Cover image from Amazon

Father Brown is an insignificant sort of man – short and round, invariably clad in clerical black, with a large hat and stumpy umbrella – who is often quiet. When he speaks, it is to the point. His deductions tend to be more intuitive than rational, based on what he knows of the people involved, and his knowledge of the worst of human nature as revealed to him in the confessional, but there are exceptions, such as in The Quick One (in The Scandal of Father Brown).

In many of the cases, particularly in The Incredulity of Father Brown, there is often an apparently supernatural explanation for the crime – usually murder – which the supposedly unsuperstitious characters, unable to explain the case by rational means, resort to the supernatural. However, the decidedly rational priest is the one who deduces what must have happened and therefore who the killer must be. There’s often something fantastical about the way Chesterton conveys the scene: he’s a very descriptive writer, conjuring up colours and pictures with only a few words, stemming from his early training as an artist:

“… In terms of tone and form, as these men saw it, it was a stretch of sands against a stretch of sunset, the whole scene lying in strips of sombre colour, dead green and bronze and brown and a drab that was not merely dull but in that gloaming in some way more mysterious than gold. All that broke these level lines was a long building which ran out from the fields into the sands of the sea, so that its fringe of dreary weeds and rushes seemed almost to meet the seaweed. But its most singular feature was that the upper part of it had the ragged outlines of a ruin, pierced by so many wide windows and large rents as to be a mere dark skeleton against the dying light; while the lower bulk of the building had hardly any windows at all, most of them being blind and bricked up and their outlines only faintly traceable in the twilight. But one window at least was still a window; and it seemed strangest of all that it showed a light.”

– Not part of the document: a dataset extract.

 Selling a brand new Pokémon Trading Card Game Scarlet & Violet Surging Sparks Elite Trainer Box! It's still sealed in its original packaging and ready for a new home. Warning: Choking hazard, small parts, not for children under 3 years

(‘The Doom of the Darnaways’ – from The Incredulity of Father Brown)

The stories are very readable, and Father Brown’s emphasis on rationalism and the importance of reason – in general life as well as in detection – is refreshing (even if to this unbeliever, his belief is God is less rational). Chesterton does, unfortunately, use certain racist terms – however, in many cases it’s evidently not meant pejoratively but as a descriptive term. He despises most ‘Eastern’ religions and their practitioners – though he treats the Muslim cleric in The Quick One with authorial respect – and definitely abhors anything smacking of the unethical or hypocritical, such as the Indian mystic in The Red Moon of Meru, who allows himself to be thought a thief since it implies he has powers he does not have. In this he is perhaps not unrepresentative of his time.

Like Horne Fisher in The Man Who Knew Too Much, Father Brown has travelled widely, having been sent as priest to parishes in England, the USA and South America, and visited Europe, often with his friend Hercule Duroc, the former criminal known as Flambeau (who appears in many of the stories as a foil to the priest) – several of the stories have American characters, particularly of the millionaire variety. Chesterton also rarely features women in these stories – the victims of murder are almost always men, and so are the criminals – though they are occasionally more prominent.

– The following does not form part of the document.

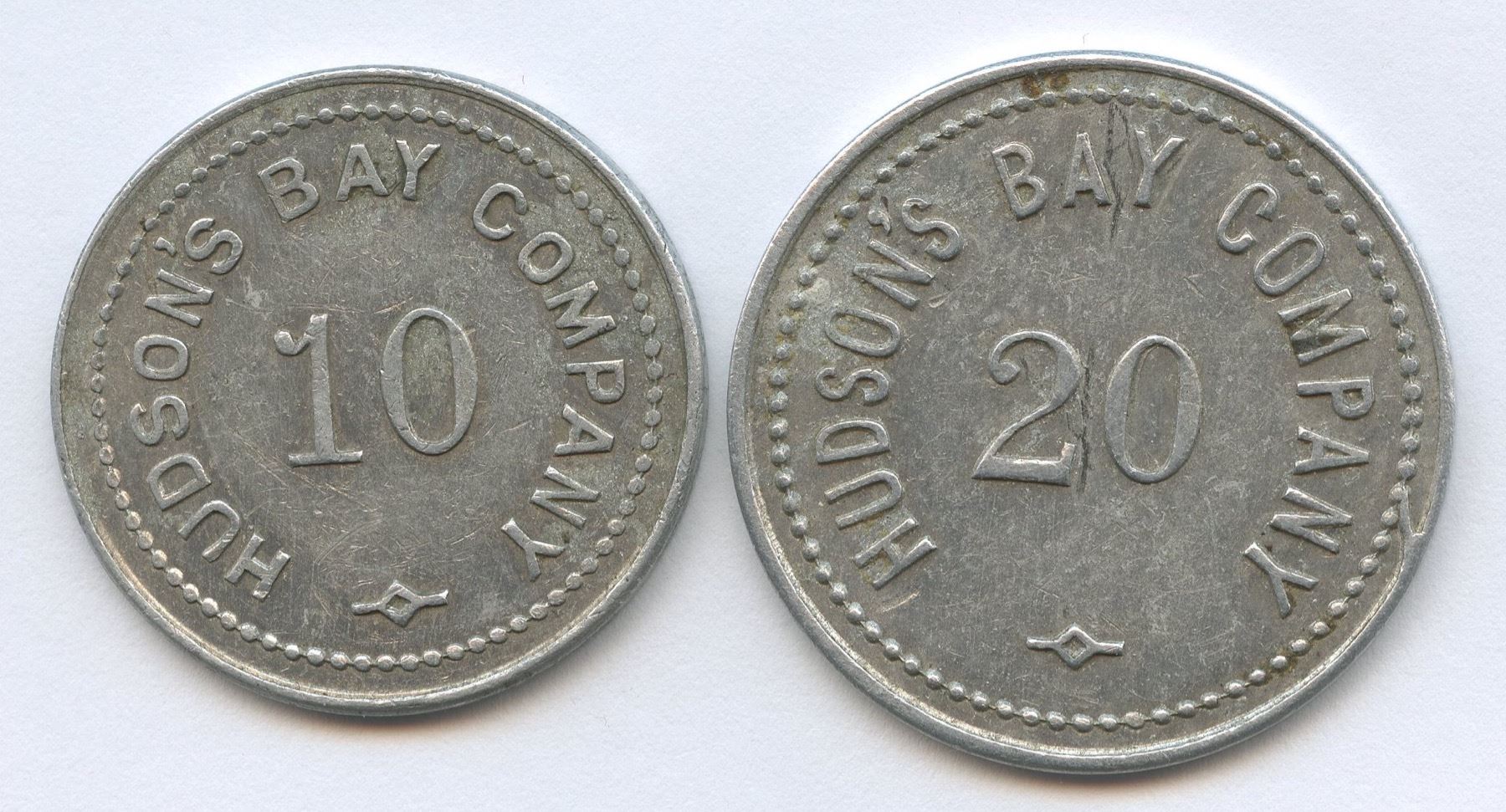 Includes: 10 and 20 M.B. alum. Diameters 29 & 32mm. The St. Lawrence and the Labrador Districts were amalgamated in June 1922, and these tokens are believed to have been issued the following year. There are two sets that differ in size of lettering and numerals, and different devices at bottom. This lot is comprised of Gingras 260b and c. 2 Pcs. VF-EF.

Although the quality of the stories does vary, there’s nearly always some clever insight or beautiful description – and they are very inventive with settings, even if the motives are often similar. However, Chesterton is able to vary the style and characters and the environment of the stories sufficiently that they don’t feel samey, nor does one feel that once you’ve read one, you’ve read them all.

Recommended for anyone who likes detective fiction and short stories.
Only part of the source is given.